Figure 1.

Intellectual disability-causing mutations in CYFIP frequently cause constitutive activation of WAVE regulatory complex (WRC). (A) Quantification of lamellipodia formation. Indicated, EGFP-tagged CYFIP1 constructs (or EGFP as control) were transfected into B16-F1 CYFIP1/2 KO cells (clone #3), and lamellipodia formation was assessed after staining of the actin cytoskeleton with ATTO 594-labelled phalloidin. Lamellipodial actin networks that were generally small, narrow, irregular, or displayed multiple ruffles were defined as ‘‘immature lamellipodia’’, as opposed to regular, fully developed lamellipodia [7]. n gives number of cells analyzed, and data correspond to arithmetic means ± SEM from at least three independent experiments.
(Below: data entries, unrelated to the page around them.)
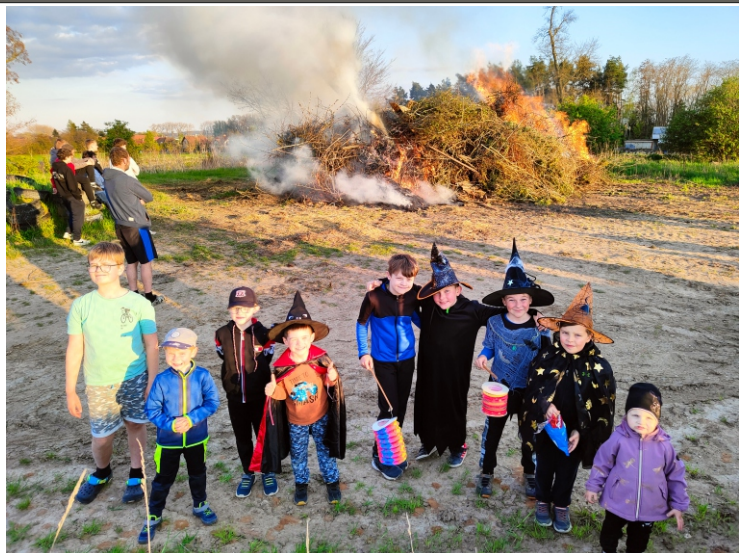
Čarodějnice 30.4. 2023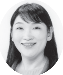
立憲民主党公認 新人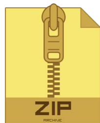
Сведения о работе станции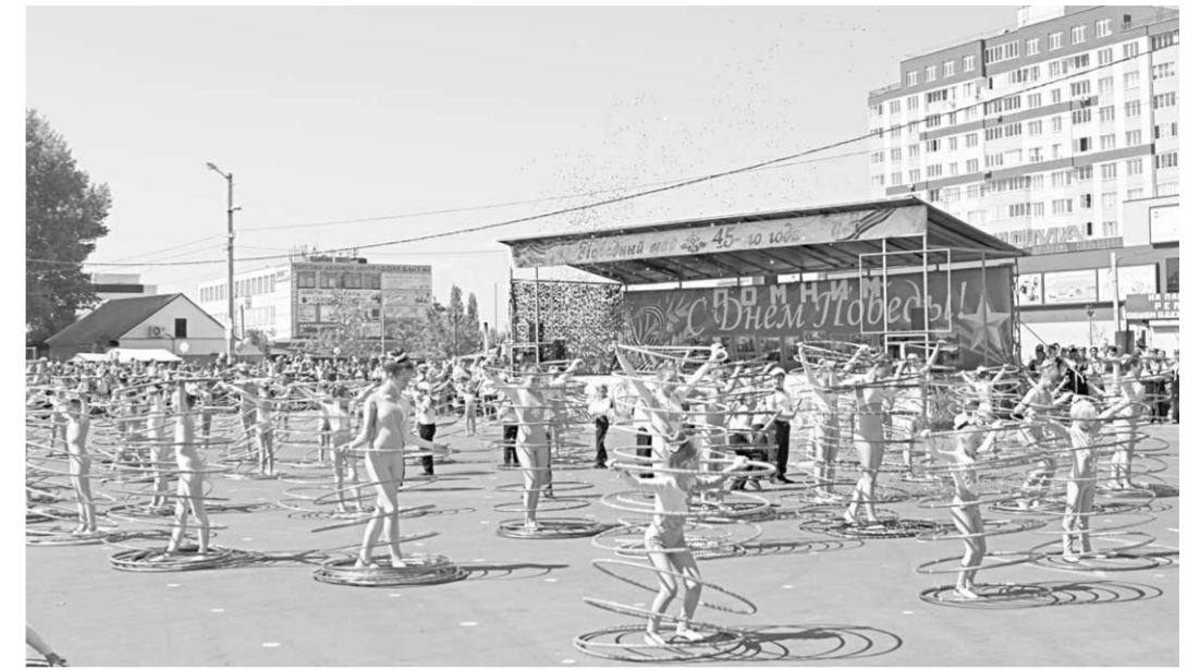
Выступление цирковой студии «Созвездие» на главной площади Новой Усмани.

установить необходимое тренажёрное оборудование. Мы все – за здоровый образ жизни!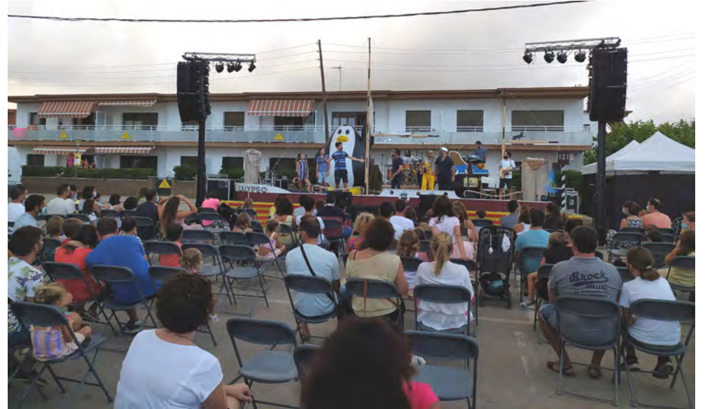
A bord del vaixell Calypso amb la banda musical 'The Penguins' van presentar el seu darrer àlbum a la plaça Consolat de Mar on la canalla i pares i mares van ballar a ritme de reggae.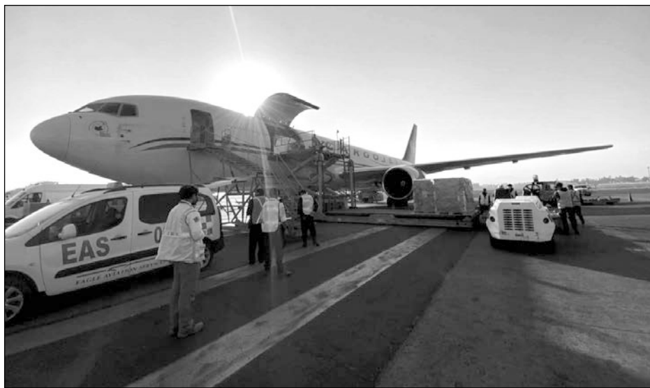
▲ El de ayer fue el décimo primer embarque de vacunas que Pfizer envía al país.

Durante la ceremonia de recepción en el aeropuerto capitalino, y en breve enlace con el presidente Andrés Manuel López Obrador, Svarch recordó a la población que la inoculación en el país es gratuita y aseguró que todas las vacunas que ha recibido el gobierno federal "son de calidad, seguras y eficaces. Hay que comunicar a la población que esté atenta. La vacuna no se vende y es gratuita".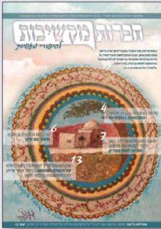
צילום: שער: אורית חיימוביץ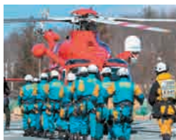
▲県警機動隊大規模災害対応訓練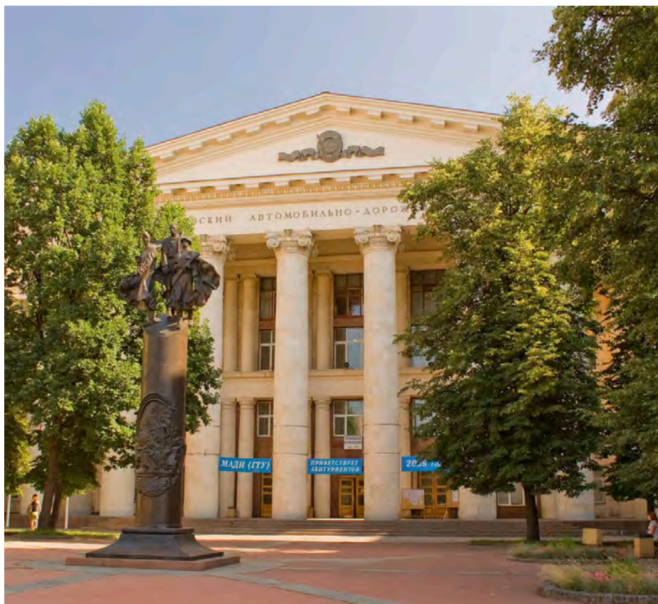
Московский автомобильно-дорожный государственный технический университет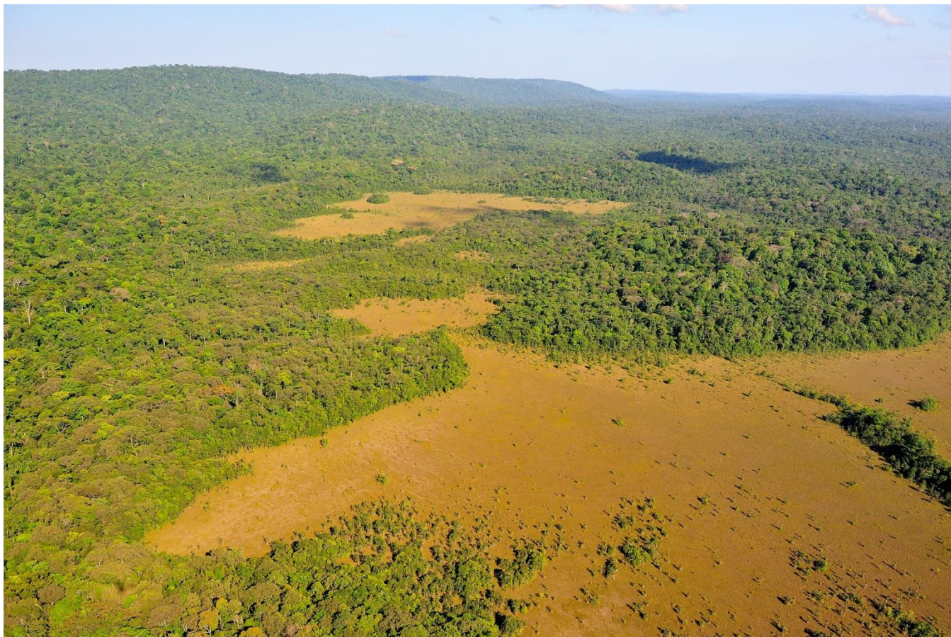
4. Savanes dans la Réserve naturelle régionale Trésor, Roura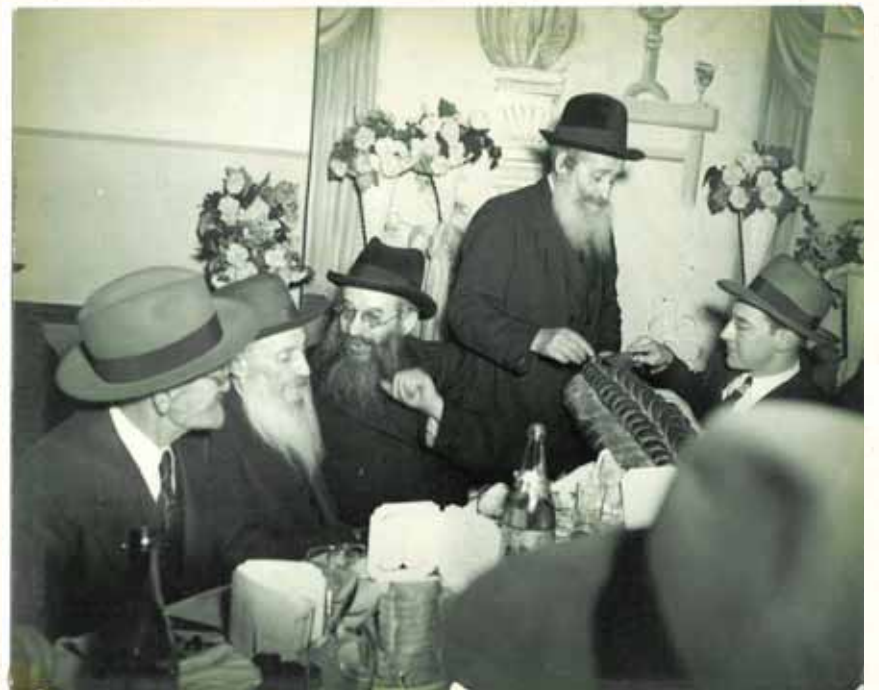
דמות פלא. תמונה נדירה בה נראה רבינו משתף בשמחה לאחד מחסידיו

Statistical significance was assessed for differences between the percentages of cells with “no lamellipodia” phenotype. n.s.: not statistically significant; ** p < 0.01; *** p < 0.001 (two-sample, two-sided t-test). In all cases, statistical analysis was done for the A site mutant alone compared to each individual mutation introduced into the A site-mutated background. (B) Cell morphologies of CYFIP1/2 KO cells (clone #3) expressing respective constructs, as indicated. Panels in top row show stainings of the actin cytoskeleton with phalloidin, and bottom row images show fluorescence of the same cells derived from EGFP fluorescence. Scale bar, 10 µm. (C) Close up view of the interface between CYFIP and the C-region of WAVE, required for transinhibition of WAVE’s WCA domain. Mutations in CYFIP presumably causing constitutive activation of WRC through abrogation of the transinhibitory WCA-domain interaction are shown. (D) Surface conservation of CYFIP. Note that high sequence conservation is found in a larger area of CYFIP contacting the C-region of WAVE, and in which many activating mutations are located.